Gallogly has held executive positions with ConocoPhillips, ChevronPhillips and Phillips Petroleum. Phillips Petroleum Corp. and Chevron Corp. combined to form Chevron Phillips Chemical as a joint venture in June 2000. Gallogly became the inaugural president and chief executive officer of Chevron Phillips Chemical, one of the world's top producers of olefins and polyolefins, remaining there until 2006.

In 2002, Conoco Inc. and Phillips Petroleum merged to form ConocoPhillips, based in Houston, Texas. In 2006, Gallogly joined ConocoPhillips as executive vice president of refining, marketing and transportation and later as executive vice president of exploration and production.

Gallogly became the chief executive officer of LyondellBasell in Houston, Texas in 2009, succeeding Volker Trautz as part of a reorganization following U.S. bankruptcy court proceedings. Gallogly guided the company out of Chapter 11 bankruptcy and successfully repositioned it as one of the world's largest refining companies and makers of polymers and petrochemicals.

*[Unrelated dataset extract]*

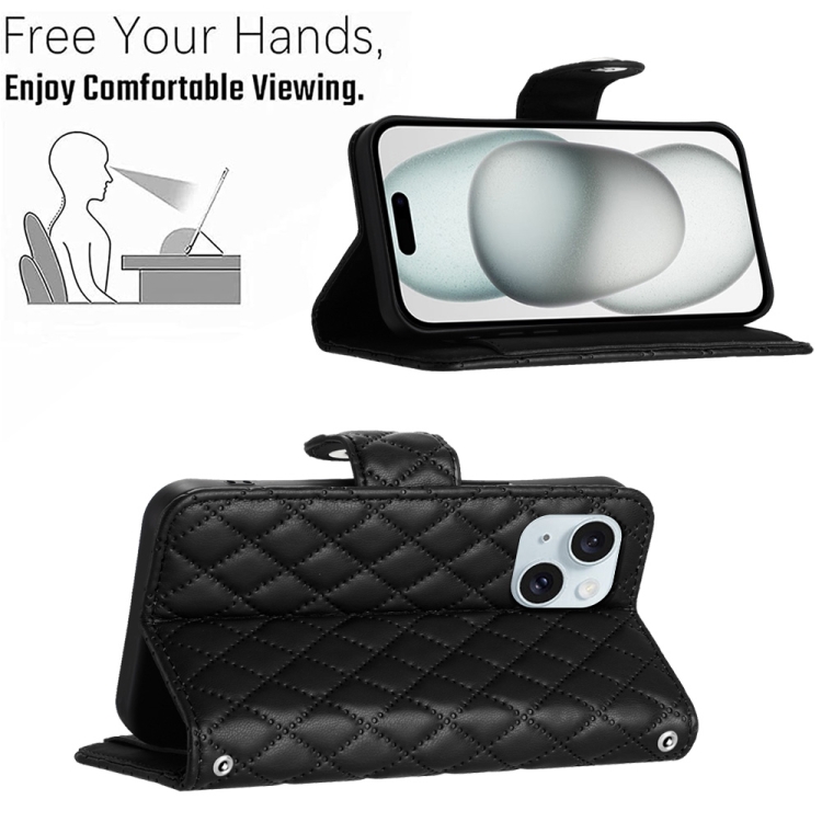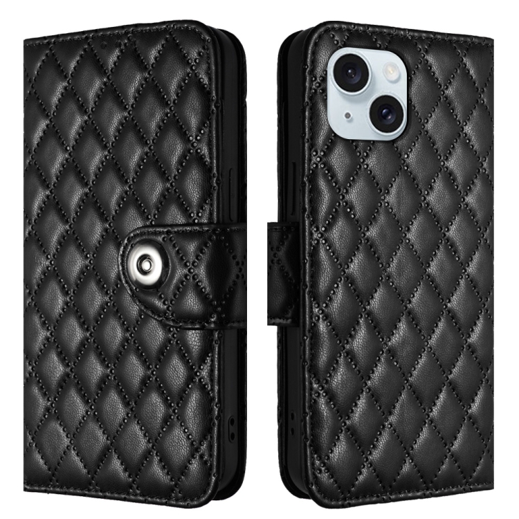 Funda de Cuero para iPhone 15 con Tapa Textura Rómbica y Cordón (Negro)

Gallogly formally retired as CEO of LyondellBasell in January 2015. As of February 5, 2015, he was appointed as a director of DuPont

Gallogly formerly served on the Board of Directors for Continental Resources. He also served on the University Cancer Foundation Board of Visitors at the University of Texas M. D. Anderson Cancer Center, Houston.

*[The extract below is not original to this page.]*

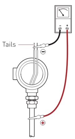 - Clamp the positive test lead to the sheath of the M.I. cable

On March 26, 2018, the Board of Regents of the University of Oklahoma formally announced that Gallogly would be serving in the capacity of OU's presidency following the retirement of David L. Boren. The selection process in which he was chosen as Boren's successor came under fire for its secrecy. After less than a year—a brief 9 months and 2 weeks—as president, Gallogly announced his retirement on May 12, 2019.

==Awards==
- Petrochemical Heritage Award (2015)
- ICIS Kavaler Award (2014)
- Honorary Doctorate of Science, University of Colorado Colorado Springs (2012)
- Communication Leadership Award (2011) from the Houston chapter of the International Association of Business Communicators

==Philanthropy==
On behalf of the Gallogly Family Foundation, James and Janet Gallogly pledged to donate $1M to the University of Colorado, supporting creation of the Gallogly Events Center. The center is named in honor of father Tommy M. Gallogly, a non-traditional adult student who earned bachelor's (1970) and master's degrees (1973) in education at UCCS. Formally dedicated in 2010, the building has been awarded Leadership in Energy and Environmental Design (LEED) Gold certification.